Le décret du 23 février 2007 inaugure une nouvelle approche des Parcs Nationaux situés entre nature et société, patrimoine et réflexion sur la diversité des fonctionnements des écosystèmes et des habitats qui sont inféodés.
Pour le Grand Est à appréhender dans sa dimension transfrontalière, retenir un projet de Parc National de Forêt Feuillue de Plaine sur le Verdunois s’avère être une chance, une belle opportunité pour ce territoire. In fine, c’est encore un moyen de s’approprier un outil de rayonnement afin d’affirmer, de marquer et assurer la reconnaissance de la qualité des sylvosystèmes locaux, en particulier celui des hêtraies climaciques. Ce territoire pétri et meurtri d’histoire a été soumis à une alternance biogéographique originale, atypique, anthropique, avec l’épisode de la création, puis de l’étape précoce de maturité, enfin du remplacement progressif, encore en cours, des repeuplements forestiers de la Zone Rouge et de ses marges. Il s’agit d’une phase très originale de cicatrisation bien engagée mais non finie, étalée sur plus d’un siècle.
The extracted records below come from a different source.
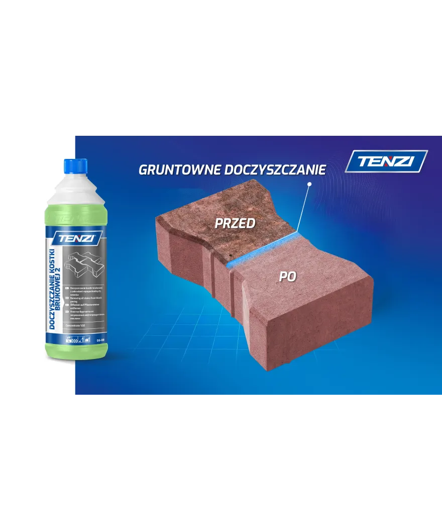 Madala vahutavusega aluseline puhastusvahend sillutiskivide, betoonplaatide, asfalteeritud terrasside, sissesõiduteede, kõnniteede ja liiklusmärkide jaoks.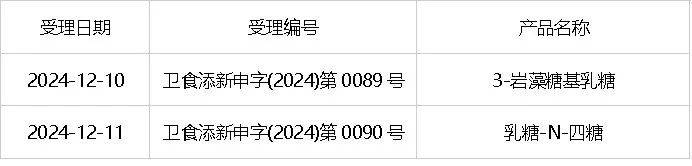 2种HMOs受理申报食品添加剂新品种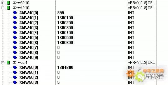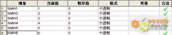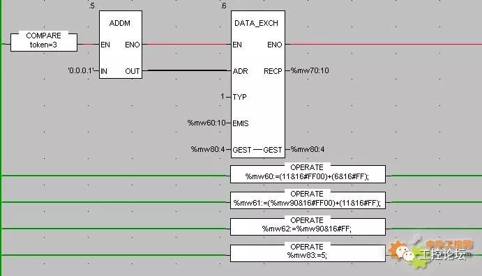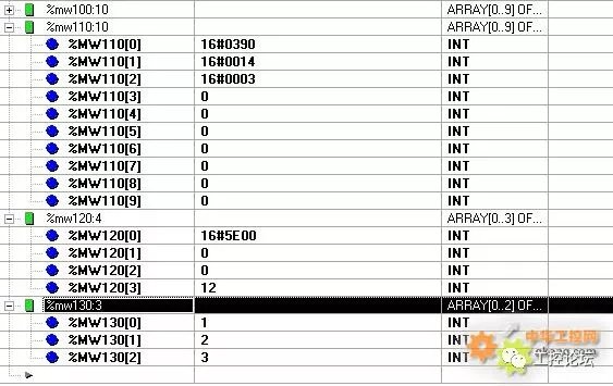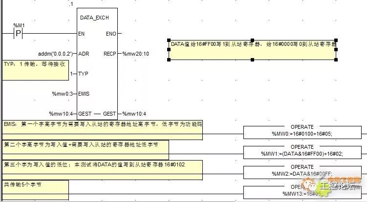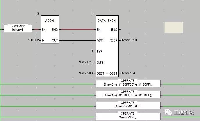 在主站赋值如下  在TWIDO中显示如下  另外注意刷新数据时,必须要把EN引脚断开一下才可以重新读取或写入。通过实验,把交换管理表的完成位(即GEST第一个字的最低位)放在EN引脚前不太好使,所以最好编个令牌循环指令。把令牌放在EN引脚前,当取得令牌时再读取或者写入。  功能码05:
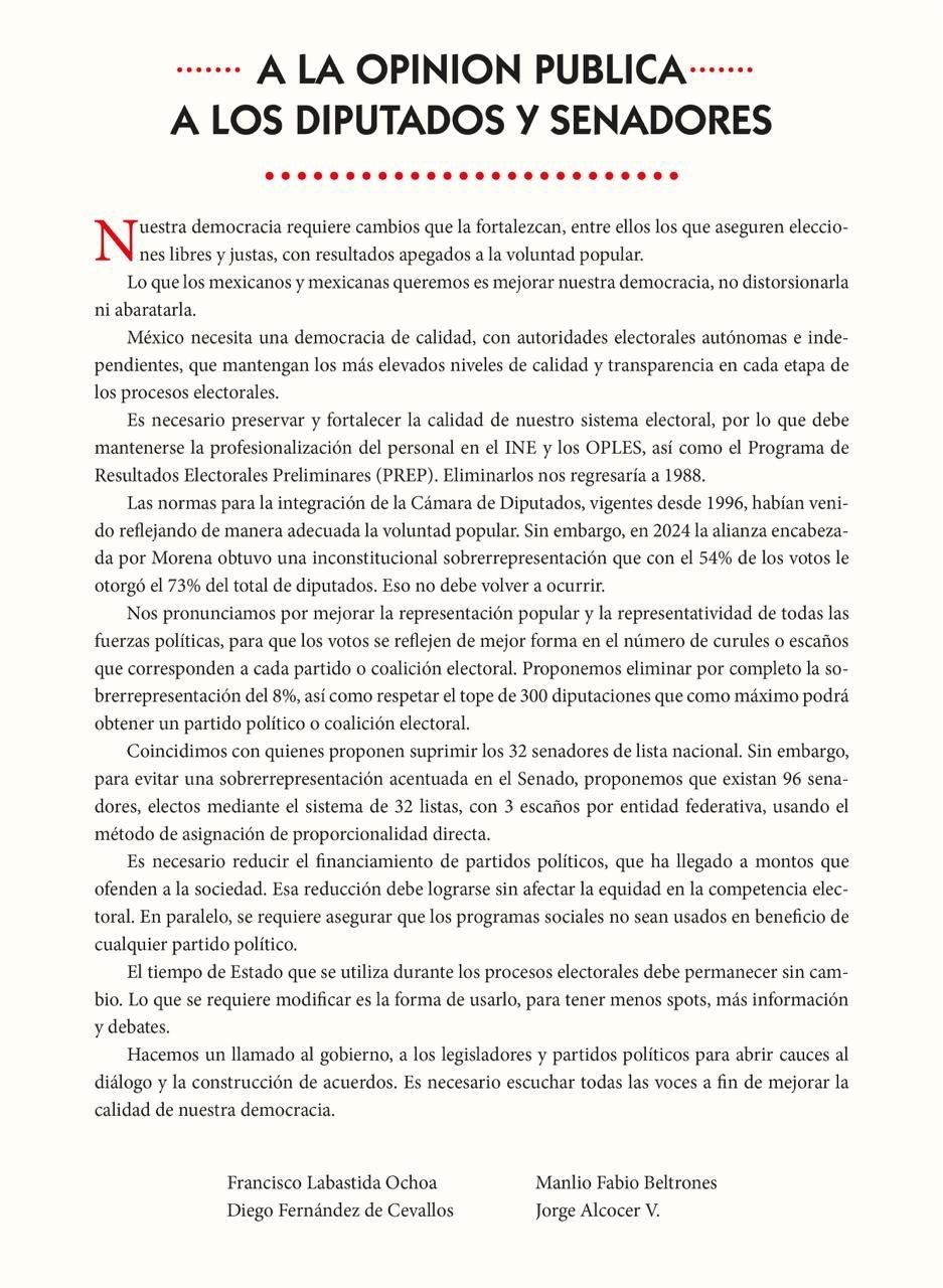 Sheinbaum cuestionó el desplegado difundido por figuras como Manlio Fabio Beltrones, Diego Fernández de Cevallos y Francisco Labastida Ochoa, señalando que su postura en contra de la reforma los convierte en “el mejor símbolo del PRIAN desde Carlos Salinas de Gortari”, en referencia a la histórica confluencia entre el PRI y el PAN durante finales del siglo XX.

Le legs de l’histoire se conjugue aux effets des faibles densités pour tourner en avantage un handicap initial subi. La conjonction des deux données évoquées crée localement des conditions rarement concrétisées au sein de l’Europe médiane des espaces pleins. Ici sont offertes des échelles d’espaces suffisamment vastes et variées pour répondre aux nouveaux critères des Parcs. Il s’agit de pouvoir disposer d’un périmètre de Réserve Intégrale étendu sur au moins 3000 hectares, d’un Cœur de Parc couvrant 7000 hectares et encore de territoires périphériques organisés selon le principe de la gouvernance, avec des formes de démocratie ascendante structurée autour de la rédaction d’une charte exigeant l’adhésion des communes.
Jean-Pierre Husson
Professeur des Universités à Nancy 2,
Membre du Groupe d’Histoire des forêts françaises,
Membre de l’Académie de Stanislas.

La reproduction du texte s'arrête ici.